Setelah sampai di pinggir sungai Kapuas, Sentarum menghampiri seseorang yang berdiri diatas sampan sambil memegang sebuah kayuh. Seseorang yang bertelanjang dada dan hanya memakai penutup pinggangnya itu melihat Sentarum sambil mengayunkan tanganya.

"ma' Kona?" sapa Sentarum.

"iya pangeran, kemarilah.. Langkau telah menyuruhku untuk menunggumu."

Sentarum lalu menaiki sampan, ma' Kona mengayuh sampan itu perlahan. Sungai kapuas tampak sangat sepi. Sehingga nelayan itu meyalakan obor sebagai petunjuk jalan.

"pangeran.. Kau datang sangat pagi sekali." Ma' Kona membuka pembicaraan.

Sentarum mengangguk, "ya, tampaknya aku terlalu bersemangat."

Mendengar jawaban Sentarum, ma' Kona terkekeh. "tidak buruk juga, pangeran. Dengan begitu aku bisa menyiapkan sesuatu untuk mengalihkan pasukan Simpei."

"ya.. terimakasih ma'"

"aku berhutang budi kepada Langkau. Dia selalu membantuku." Kata ma' Kona.

"pangeran, aku akan mengarahkan sampan ini di bukit kecil jauh dari Long Paka. Kau sedang menuju ke tengah hutan kan?

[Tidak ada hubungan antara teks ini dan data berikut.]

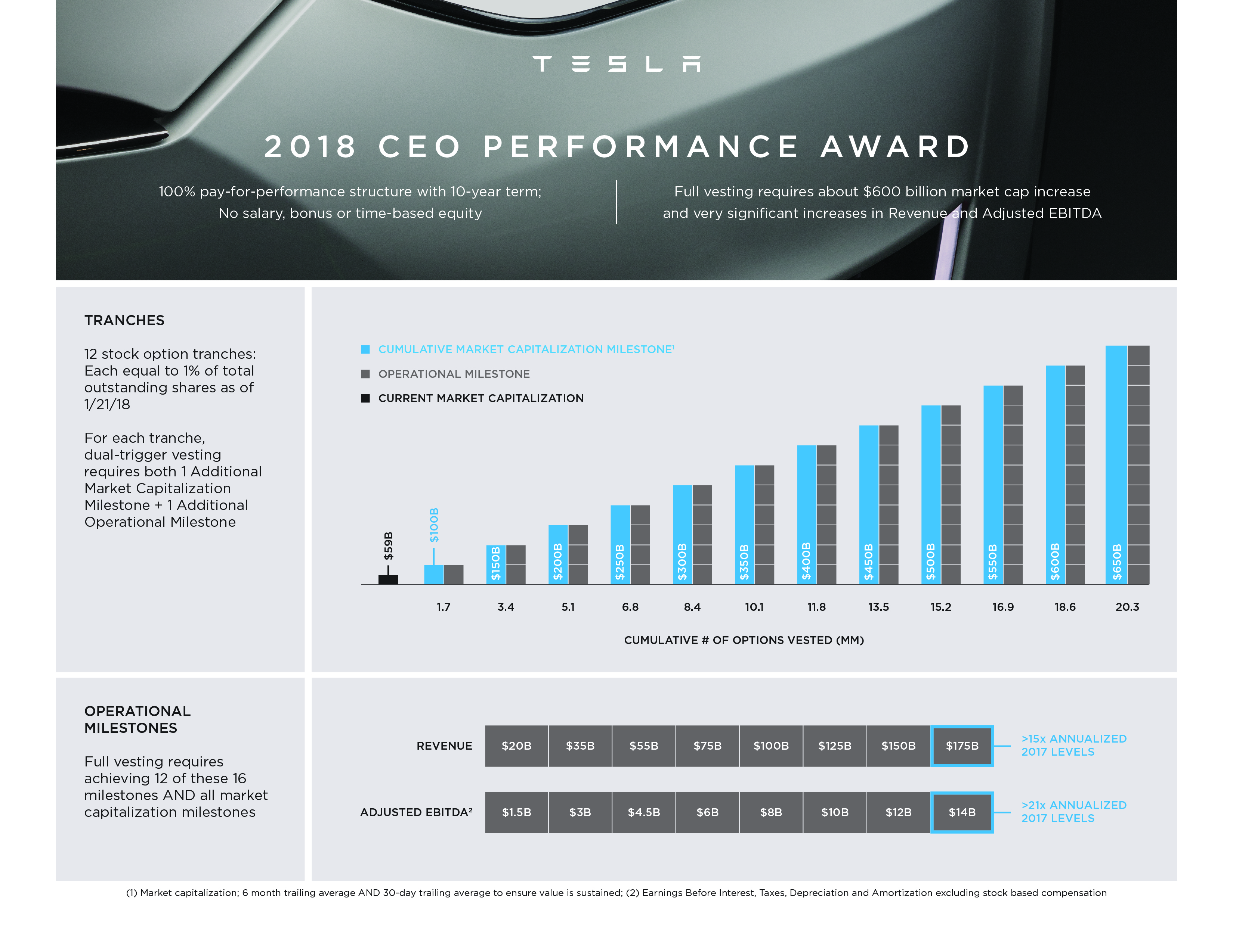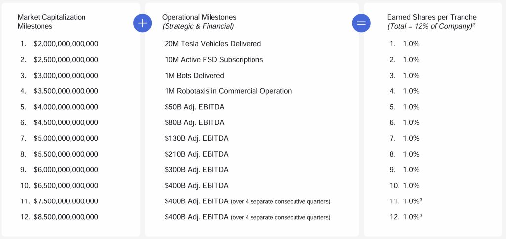 PGEgaHJlZj0iaHR0cHM6Ly9hZC5kb3VibGVjbGljay5uZXQvZGRtL3RyYWNrY2xrL040MDIyLjM3MzM0MjhWSUxMQU5ZQVVUT1NPSy5IVTAvQjM0NDQwNjM5LjQzMTY5MDE3NTtkY190cmtfYWlkPTYyNDI2NjY4NDtkY190cmtfY2lkPTI0MzYwNjI0NjtkY19sYXQ9O2RjX3JkaWQ9O3RhZ19mb3JfY2hpbGRfZGlyZWN0ZWRfdHJlYXRtZW50PTt0ZnVhPTtnZHByPSRHRFBSO2dkcHJfY29uc2VudD0kR0RQUl9DT05TRU5UXzc1NTtsdGQ9O2RjX3Rkdj0xIiBvbmNsaWNrPSJqYXZhc2NyaXB0OndpbmRvdy5vcGVuKCdodHRwczovL2FkLmRvdWJsZWNsaWNrLm5ldC9kZG0vdHJhY2tjbGsvTjQwMjIuMzczMzQyOFZJTExBTllBVVRPU09LLkhVMC9CMzQ0NDA2MzkuNDMxNjkwMTc1O2RjX3Rya19haWQ9NjI0MjY2Njg0O2RjX3Rya19jaWQ9MjQzNjA2MjQ2O2RjX2xhdD07ZGNfcmRpZD07dGFnX2Zvcl9jaGlsZF9kaXJlY3RlZF90cmVhdG1lbnQ9O3RmdWE9O2dkcHI9JEdEUFI7Z2Rwcl9jb25zZW50PSRHRFBSX0NPTlNFTlRfNzU1O2x0ZD07ZGNfdGR2PTEnLCAnX2JsYW5rJywgJ25vb3BlbmVyJyk7IHJldHVybiBmYWxzZTsiPjxwaWN0dXJlPjxzb3VyY2Ugc3Jjc2V0PSJodHRwczovL3ZpbGxhbnlhdXRvc29rLmh1L3dwLWNvbnRlbnQvdXBsb2Fkcy8yMDI1LzEwL2xlYWQtbW9iaWwtbGVhcC1jMTAtNjAweDUwMC02LmpwZyIgbWVkaWE9IihtYXgtd2lkdGg6IDcwMHB4KSI+PHNvdXJjZSBzcmNzZXQ9Imh0dHBzOi8vdmlsbGFueWF1dG9zb2suaHUvd3AtY29udGVudC91cGxvYWRzLzIwMjUvMTAvbGVhZC1kZXNrdG9wLWxlYXAtYzEwLTEzMDB4NjAwLTEuanBnIiBtZWRpYT0iKG1pbi13aWR0aDogNzAwcHgpIj48aW1nIHNyYz0iaHR0cHM6Ly92aWxsYW55YXV0b3Nvay5odS93cC1jb250ZW50L3VwbG9hZHMvMjAyNS8xMC9sZWFkLWRlc2t0b3AtbGVhcC1jMTAtMTMwMHg2MDAtMS5qcGciIGFsdD0iIj48L3BpY3R1cmU+PC9hPjxJRlJBTUUgU1JDPSJodHRwczovL2FkLmRvdWJsZWNsaWNrLm5ldC9kZG0vdHJhY2tpbXBpL040MDIyLjM3MzM0MjhWSUxMQU5ZQVVUT1NPSy5IVTAvQjM0NDQwNjM5LjQzMTY5MDE3NTtkY190cmtfYWlkPTYyNDI2NjY4NDtkY190cmtfY2lkPTI0MzYwNjI0NjtvcmQ9W3RpbWVzdGFtcF07ZGNfbGF0PTtkY19yZGlkPTt0YWdfZm9yX2NoaWxkX2RpcmVjdGVkX3RyZWF0bWVudD07dGZ1YT07Z2Rwcj0ke0dEUFJ9O2dkcHJfY29uc2VudD0ke0dEUFJfQ09OU0VOVF83NTV9O2x0ZD07ZGNfdGR2PTE/IiBXSURUSD0xIEhFSUdIVD0xIE1BUkdJTldJRFRIPTAgTUFSR0lOSEVJR0hUPTAgSFNQQUNFPTAgVlNQQUNFPTAgRlJBTUVCT1JERVI9MCBTQ1JPTExJTkc9bm8gQk9SREVSQ09MT1I9JyMwMDAwMDAnPjwvSUZSQU1FPg==PGEgaHJlZj0iaHR0cHM6Ly9hZC5kb3VibGVjbGljay5uZXQvZGRtL3RyYWNrY2xrL040MDIyLjM3MzM0MjhWSUxMQU5ZQVVUT1NPSy5IVTAvQjM0NDQwNjM5LjQzMTY5MDE3ODtkY190cmtfYWlkPTYyNDI2NjY3ODtkY190cmtfY2lkPTI0MzAzNzUzMjtkY19sYXQ9O2RjX3JkaWQ9O3RhZ19mb3JfY2hpbGRfZGlyZWN0ZWRfdHJlYXRtZW50PTt0ZnVhPTtnZHByPSRHRFBSO2dkcHJfY29uc2VudD0kR0RQUl9DT05TRU5UXzc1NTtsdGQ9O2RjX3Rkdj0xIiBvbmNsaWNrPSJqYXZhc2NyaXB0OndpbmRvdy5vcGVuKCdodHRwczovL2FkLmRvdWJsZWNsaWNrLm5ldC9kZG0vdHJhY2tjbGsvTjQwMjIuMzczMzQyOFZJTExBTllBVVRPU09LLkhVMC9CMzQ0NDA2MzkuNDMxNjkwMTc4O2RjX3Rya19haWQ9NjI0MjY2Njc4O2RjX3Rya19jaWQ9MjQzMDM3NTMyO2RjX2xhdD07ZGNfcmRpZD07dGFnX2Zvcl9jaGlsZF9kaXJlY3RlZF90cmVhdG1lbnQ9O3RmdWE9O2dkcHI9JEdEUFI7Z2Rwcl9jb25zZW50PSRHRFBSX0NPTlNFTlRfNzU1O2x0ZD07ZGNfdGR2PTEnLCAnX2JsYW5rJywgJ25vb3BlbmVyJyk7IHJldHVybiBmYWxzZTsiPjxwaWN0dXJlPjxzb3VyY2Ugc3Jjc2V0PSJodHRwczovL3ZpbGxhbnlhdXRvc29rLmh1L3dwLWNvbnRlbnQvdXBsb2Fkcy8yMDI1LzEwL2xlYWQtbW9iaWwtbGVhcG1vdG9yLXQwMy02MDB4NTAwLTQuanBnIiBtZWRpYT0iKG1heC13aWR0aDogNzAwcHgpIj48c291cmNlIHNyY3NldD0iaHR0cHM6Ly92aWxsYW55YXV0b3Nvay5odS93cC1jb250ZW50L3VwbG9hZHMvMjAyNS8xMC9sZWFkLWRlc2t0b3AtbGVhcC10MDMtMTMwMHg2MDAtMS5qcGciIG1lZGlhPSIobWluLXdpZHRoOiA3MDBweCkiPjxpbWcgc3JjPSJodHRwczovL3ZpbGxhbnlhdXRvc29rLmh1L3dwLWNvbnRlbnQvdXBsb2Fkcy8yMDI1LzEwL2xlYWQtZGVza3RvcC1sZWFwLXQwMy0xMzAweDYwMC0xLmpwZyIgYWx0PSIiPjwvcGljdHVyZT48L2E+PElGUkFNRSBTUkM9Imh0dHBzOi8vYWQuZG91YmxlY2xpY2submV0L2RkbS90cmFja2ltcGkvTjQwMjIuMzczMzQyOFZJTExBTllBVVRPU09LLkhVMC9CMzQ0NDA2MzkuNDMxNjkwMTc4O2RjX3Rya19haWQ9NjI0MjY2Njc4O2RjX3Rya19jaWQ9MjQzMDM3NTMyO29yZD1bdGltZXN0YW1wXTtkY19sYXQ9O2RjX3JkaWQ9O3RhZ19mb3JfY2hpbGRfZGlyZWN0ZWRfdHJlYXRtZW50PTt0ZnVhPTtnZHByPSR7R0RQUn07Z2Rwcl9jb25zZW50PSR7R0RQUl9DT05TRU5UXzc1NX07bHRkPTtkY190ZHY9MT8iIFdJRFRIPTEgSEVJR0hUPTEgTUFSR0lOV0lEVEg9MCBNQVJHSU5IRUlHSFQ9MCBIU1BBQ0U9MCBWU1BBQ0U9MCBGUkFNRUJPUkRFUj0wIFNDUk9MTElORz1ubyBCT1JERVJDT0xPUj0nIzAwMDAwMCc+PC9JRlJBTUU+ Elon Musk már nem először kap minden szempontból őrült ajánlatot a Teslától, de annak ellenére, hogy teljesítette az előző csomagjában vállaltakat, évek óta nem kap fizetést. Az új ajánlat viszont minden korábbinál nagyobb tétre megy, ha leszavazzák, akár ott is hagyhatja a céget. Blöff, vagy valós veszély? A Tesla részvényeseinek éves rendes közgyűlésére a héten, november 6-án kerül sor, ám a program kicsit izgalmasabbnak ígérkezik a szokásosnál. Az első pont ugyanis, amit szavazásra bocsátanak, az Elon Musk új kompenzációs csomagja. A Tesla 2025-ös CEO kompenzációs csomagja. A javaslat értelmében, Musknak 10 éven belül 12 lépésben járna 1-1 százaléknyi újabb Tesla részvény, amennyiben a Tesla piaci értéke és éves eredménye a mai sokszorosára nő, illetve egyéb feltételek is teljesülnek. Így például az első részvénycsomagot akkor kapja meg, ha a cég értéke a jelenleg 1,5 billió dollárról 2 billióra nő és a cég leszállította húszmilliomodik autóját – jelenleg 8,5 milliónál járnak. A második csomaghoz már az újabb piaci értéknövekedés mellett 10 millió aktív előfizető is kell a cég önvezető szoftverére, később pedig olyan elemek jönnek be, mint például egymillió Optimus robot leszállítása. A sor végén már 8,5 billiós piaci érték áll – ez az Apple mai értékének több mint duplája – és négy egymást követő negyedévben is 400 milliárd dollár feletti EBITDA eredményt kell elérniük. Ezek gyakorlatilag azt jelentik, hogy a Tesla nemcsak a világ legnagyobb értékű és legjövedelmezőbb cége kell, hogy legyen, de mindezt olyan szinten kell űznie, ami a mai napig példátlan a tőzsde történetében. A 11. és 12. csomag feltétel az is, hogy a Musk kidolgozza a CEO utódlás tervét. A részvénycsomagok kapcsán egyébként fontos megjegyezni, hogy ezek ténylegesen csak akkor kerülnek Musk tulajdonába, ha a megszerzésüket követő 7-10 éven belül a cégnél marad. Addig eladni, pénzé tenni nem tudja ezeket, ám szavazni már azonnal tud a segítségükkel, így 13 százalékos részesedése az igazgatótanács döntései alkalmával végül 25 százalékot is nyomhat a latba. Utóbbi azért lényeges, mert Musk többszö

Dengan melewati bukit ini kau akan cepat sampai. Selain itu pasukan Simpei tidak akan bisa menemukanmu."

Sampan mereka terhenti di pinggir sungai Kapuas, persis seperti yang ma'Kona katakan, terdapat bukit kecil di ujung hutan Kapuas.

"Ma'.. terimalah ini." Sentarum memberikan sebuah kantong berisi beberapa koin emas.

"pangeran, aku tidak mengharapkan sebuah imbalan. Aku hanya ingin membalas budi."

Sentarum meraih tangan ma'Kona dan meletakkan kantong itu di atas telapak tanganya. "anggap saja ini sebagai upah atas kerjamu."

"terima kasih.. Terima kasih pangeran." Ma'Kona menuunduk berkali-kali kepada Sentarum sebagai rasa syukurnya.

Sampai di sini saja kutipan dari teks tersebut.